Monday, February 2, 2015

I survived my first Global Game Jam

How to survive to the Global Game Jam? Even when I have some experience making games, I don't pretend to be an expert, I have just participated in a couple game jams, for the first one (Winter Jam) we didn't finish our game, for the second one (Global Game Jam 2015) we completed Burn & Run Kamikaze Heroes (BARKH), and I am very satisfied with it actually. So, what was the difference?
  1. Scope
  2. Emergency exit
  3. Organization
  4. The basic stuff
  5. Luck
Scope
We programmers have a mental problem, we are always too optimistic, not necessarily in life but when coding we are. When we started with BARKH's idea we discussed a little about how should we do it, I was planning to do it in a kind of open and dark place, Lal0l thought about it as an auto-generated labyrinth from the beginning, and we were really close to go for it, however we decided to do it just if we would end up with some extra time (yeah sure). So we decided to do a hardcoded labyrinth. I'm pretty sure that do the auto-generated one would take most of our time because of unexpected bugs.

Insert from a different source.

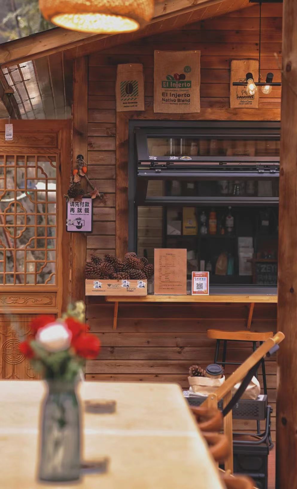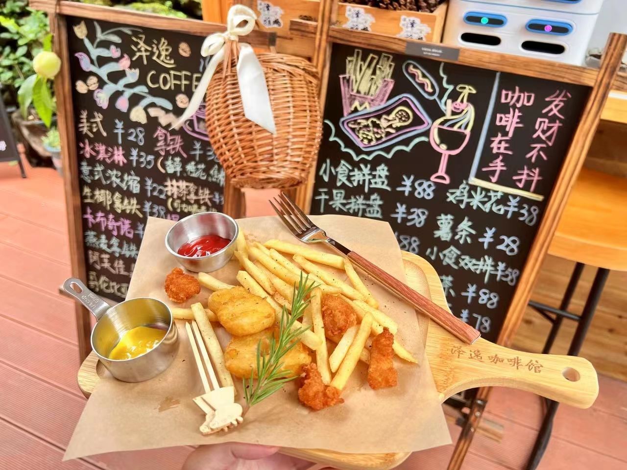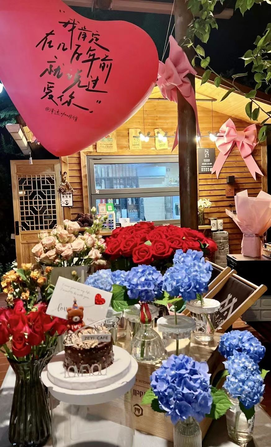 季炜俊便投身于店铺的建造工作,仔细考量从搭建房梁、安装屋顶到铺设地板、设定装饰风格的各类装修事宜,最终,原木与潮流风格相融合的“泽逸咖啡馆”就此诞生,店内设立了许多拍照打卡点,粉色蝴蝶结、多肉植物、网红墙等,不同于一般旅游景区的店面装修,季炜俊的咖啡馆顺应时下潮流,在传统的旅游餐饮服务中开辟出一种属于自己的风格。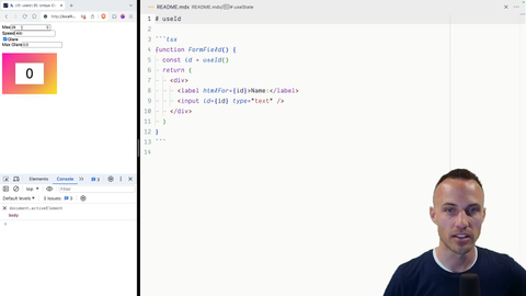 00:37 That's not good for accessibility. It's not good for user experience at all. So your job is to associate those properly, but to do so using use ID. So have a good time.

So the tip here is: If you have an idea that sounds kind of complex, but possible. DON'T EVEN DARE TO TRY IT, the Jam have enough things to invest your time on, but discover how stupid you were when you though it was going to be simple it's not a good one. Better to use a temporary version that works and can be thrown away if anything changes in your plans.

Emergency exit
If possible think different ways to make your game a playable game if something terrible happens. Imagine that suddenly they say you will have only the half of the time you originally thought. What would you do? what would be your real scope? can you cut a couple levels? can you remove all those extra abilities and super powers? would your game be playable without them?
Think how could you do your game playable without all this, and make sure the emergency exit is actually easy to follow.

Then if you find out you are running out of time you can go for one of those exits. Remember, it is much better to present a short complete game, than a super cool idea that you didn't finish.

Organization
Well I have not that much to say about this (we were only two in the team :)) however in the previous Jam we were 3 in the team, and I can tell that 3 laptops running Unity were not as useful as two laptops well used in the GGJ. Since only one had Unity installed we made all the Unity stuff in one of them, the other was used for graphics, music, sound, investigate, get resources.

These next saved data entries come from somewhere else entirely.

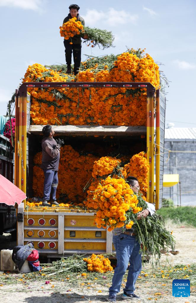 Vendors unload marigold flowers, known as cempasuchil, used during Day of the Dead celebrations, at the central de Abasto market in Mexico City, Oct. 29, 2025. (Photo by Francisco Canedo/Xinhua)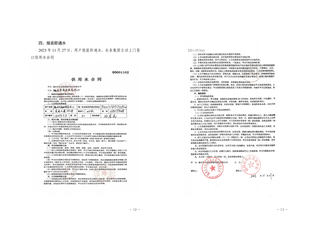 隨州市水務(wù)集團主要職責(zé)是向隨州市中心城區(qū)、曾都區(qū)、隨縣以及高新區(qū)提供供水服務(wù),集團公司下轄城市供水公司、建設(shè)工程公司、水質(zhì)檢測公司、隨縣供水公司、康潤實業(yè)公司5家全資子公司。下面展示隨州市中心城區(qū)供水接入案例示范。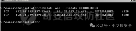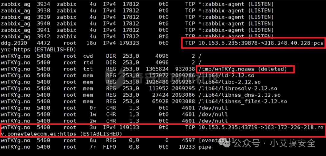 使用lsof查看对外连接情况,发现wnTKYG.noaes对218.248.40.228:8443和163.172.226.218.rev.poneytelecom.eu:443发起TCP外连请求;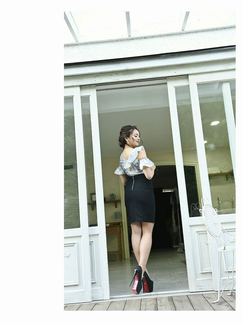 5. 【訳ありアウトレット】フラワーフリル袖キャバクラミニドレス【Belsia】(S/M/L)(ブラック) ptpl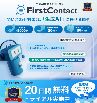 FirstContactではサポート付きで20日間の無料トライアルを実施しています。デモサイトや管理画面の操作、LINE/Facebook連携のお試しも可能です。導入に不安を抱えている方や、 まずはチャットボットがどんな風に使えるか試してみたい方など弊社の営業担当が サポートさせていただきますので 是非お気軽にお問い合わせください!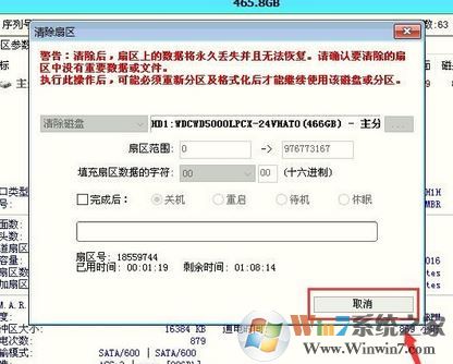 4,接著就會開始清除扇區(qū)數(shù)據(jù),一般硬盤容量越大,清除的時間越長,但我們這里不用等清除完成,可以到清除1-2分鐘后點取消后即可,如下圖所示:

Maybe this piece of advice is obvious in an heterogeneous team, but if you are a bunch of programmers, don't mess with GitHub for a 2 days project, use your resources to get all the other stuff done and ready to be plugged into your game once the main gameplay is done, e.g. the title/credits/gameover screens, the music, the sounds, and so on.

The basic stuff
I think this one is the one which I noticed lacking more in the projects I saw in the jam.

  1. Screen flow. A very simple step which makes a huge difference in how a game "feels" is whether it has a complete screen flow, i.e.:
    • Title screen - give a good first impression
    • <Optional> Story - explain what is the player trying to do, is the player trying to find anything? kill anything? survive? make the player's mission important. If you don't put this screen at least explain the purpose of the game in the gameplay.
    • The game - well this one almost nobody forgets about it, those who don't have this are the ones which go and explain that they didn't make it on time.
    • <Optional> Game over - show a quick screen when the user dies (not just reboot at the start of the level). It makes the game to feel more complete and you can use it to reinforce the theme of your game, or even make the player laugh and give another try.
    • The win - reward your players with a good ending, is the less you can do to thank them for playing your game.
    • <Optional> Credits - recognize all those who helped to have the game done.
  2. Music & sounds - music and sound makes your game to feel complete, they are not just additional stuff, music helps to give a feeling to the players, and sound give them feedback about the game itself, "was that something good or bad?", "was it an interacting object?", "did I click that button?"...
  3. The GAME. Why your game is a game? can I win? can I loose? is it difficult enough to be fun? is it easy enough to be played? does the player have a purpose? is it fun? Of course that some types of games don't really need all this, but most of them do.
  4. The theme. How is your game related to the jam's theme? The theme is a tool to push you in new ways of thinking, I mean, if the theme is pushing you to make a bad game obviously you need to keep thinking and bounce ideas with other people. The theme could push you to learn new stuff, if you only know to do Mario-style platformers, then doing something similar is fine but the theme could help you to explore from other perspective, instead of just make another Mario.
Luck
Certainly you might need a bit of luck, for example the day that the GGJ began my computer's hard disk crashed, it got damaged so I couldn't bring my computer with Unity to the jam. That seemingly not really nice coincidence forced us to do what I explained in the point above about organization.

Will you find good a team? will you find those free resources you need? will your brain want to work and give you a marvelous idea? will your computer explode?
My advice: a positive attitude to whatever happen in there will make the difference between a really awesome weekend and two days of frustration :).


Hope this help you for your next jam!